Зато во время перехода впечатлений было выше крыши, и не всегда исключительно эстетических.
На седьмой день мы прошли над голубой долиной по совершенно прозрачному мосту — или, точнее сказать, по трубе. На дневной привал остановились в пузыре, парящем над самыми верхушками "деревьев". Итасэ занялся обедом, а остальным Ригуми предложил скрасить ожидание, наблюдая за тем, что происходило внизу.
— А это... кхм... оно? — с трудом выдавила я из себя малоосмысленный вопрос, отчаянно цепляясь за руку Тейта. Если бы могла, наверное, на плечи бы ему взгромоздилась. Голову вело, как в суперсовременном лифте, который быстро-быстро поднимается вверх, а потом резко останавливается.
Опустить взгляд было превыше моих сил.
— Гаюс, — с любезной улыбкой подтвердил мастер. — Наблюдай, Трикси-кан. Очень полезно... Это и других касается. Да, и тебя, Айка-кан.
Девчонка застонала и сжалась в комок, пряча голову между коленей. Похоже, напряжена была не только я; Кагечи Ро так вообще побледнел аж в прозелень.
— Я слышал, что воплощенное ничто не всегда может защитить от спор гаюса, — сдавленно произнес он, стараясь сохранить достоинство.
— Совершенно верно, — ответил Ригуми и возлег на невидимых подушках, созерцая синее море смерти. Глаза, всегда холодные и прозрачные, приобрели насыщенный ультрамариновый оттенок, и это выглядело жутковато. — И я не помню, чтобы разрешал сейчас задавать вопросы, — добавил он спокойно, ставя точку в разговоре.
Тейт успокаивающе погладил меня по голове и мягко потянул за собой к краю "пузыря":
— Там приляжем, — шепнул он. Я рефлекторно прильнула к его разуму; рыжий был единственным из учеников, кто сохранял спокойствие. Точнее, вторым был Лао, но перед ним мне настолько не хотелось позориться, показывая дурноту, что эмпатический купол сам выгибался, обтекая его. Глупо, на самом деле — фактически так я просто отгораживаюсь, чтобы случайно не словить какую-нибудь снисходительную или разочарованную мысль о себе. — И не бойся. Ты же Ригуми веришь?
Я вспомнила Арингу и сглотнула.
— Ну...
Тейт нетерпеливо вздохнул, переминаясь с ноги на ногу:
— Ладно, по-другому спрошу. Ты думаешь, он тебя вот прям сейчас хочет угробить гаюсом?
— Нет.
Кожа покрылась мурашками.
— Тогда делай, как он скажет, — посоветовал рыжий. — Хочешь, обниму, чтоб не страшно было?
Гордость и чувство собственного достоинства опомнились и отвесили хорошего пинка необъяснимому страху.
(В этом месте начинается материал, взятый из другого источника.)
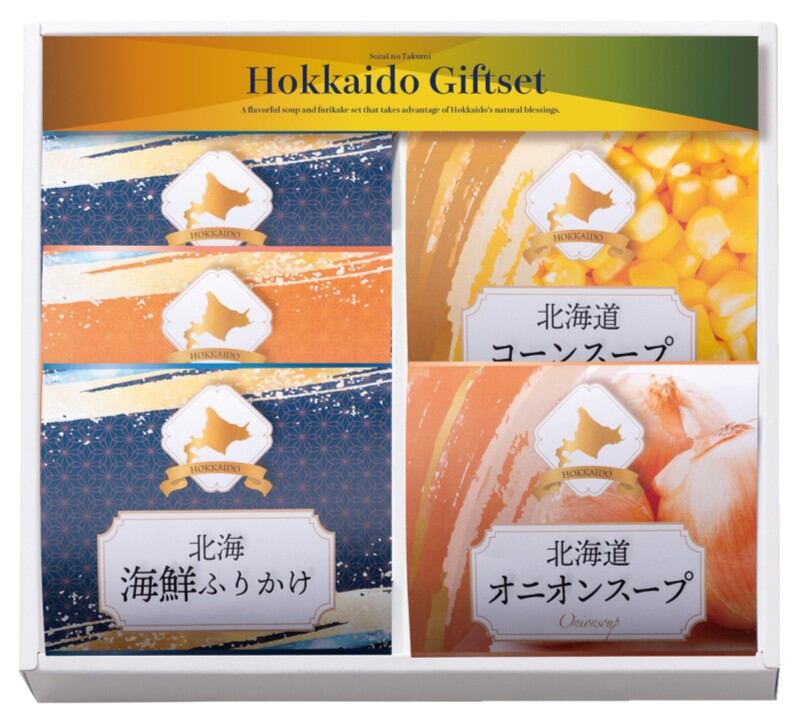 商品内容:北海道産コーンスープ(16.5g)2個入り×1 北海道産オニオンスープ(7g)2個入り×1 北海道産野菜ふりかけ(3g)3個入り×1 北海海鮮ふりかけ(3g)3個入り×2

Я выпрямила спину, скопировала рекламную "улыбку победительницы" и уверенно ответила:
— Ну... да... наверное.
Не быть мне крутой героиней, видимо.
Только мы устроились поудобнее, как "пузырь" начал медленно вращаться, создавая панорамный обзор. Я рефлекторно подалась назад, спиной вжимаясь в Тейта, и он фыркнул мне в шею. Наверное, с высоты мы выглядели, как черный котенок и рыжий шрах, которые пытаются уместиться в одной тесной корзинке... Но вскоре я и думать об этом забыла.
Долина смерти завораживала.
Сверху, с высоты полета Шекки, она выглядела как дышащее море, влажная подвижная масса. С расстояния в пятнадцать метров до ближайшей вершины все смотрелось совершенно иначе. Под ажурно-мшистым покровом просвечивали черные скалы, сплошь в кавернах и дырах. Гаюс был разным. В низинах он напоминал плотную темно-синюю губку или очень-очень толстый слой плесени, в которой человек запросто мог бы утонуть. На холмах смертоносный слой редел и светлел, превращаясь в бирюзовый "лишайник" — искусно вырезанные розетки, сюрреалистические цветы, покрытые аквамариновой росой. Кое-где высились "деревья" — каменные колонны и "зонтики", изъеденные эрозией, словно "розы пустыни". Гаюс покрывал их тонким слоем, выпуская длинные ловчие нити, бледно-голубые, похожие на русалочьи волосы.
Время от времени долина вздыхала; от края к краю перекатывалась упругая волна, наизнанку выворачивающая смертоносную синеву, и обнажался нижний слой — сплетение непрерывно движущихся червей-корней, гладкие черные шишки. Когда такая шишка трескалась, то в воздух взмывало облако радужной пыли, невероятно красивой, полупрозрачной, как бензиновые разводы на льду. Это были споры. К счастью, они далеко не улетали, опускаясь тут же, на скалы.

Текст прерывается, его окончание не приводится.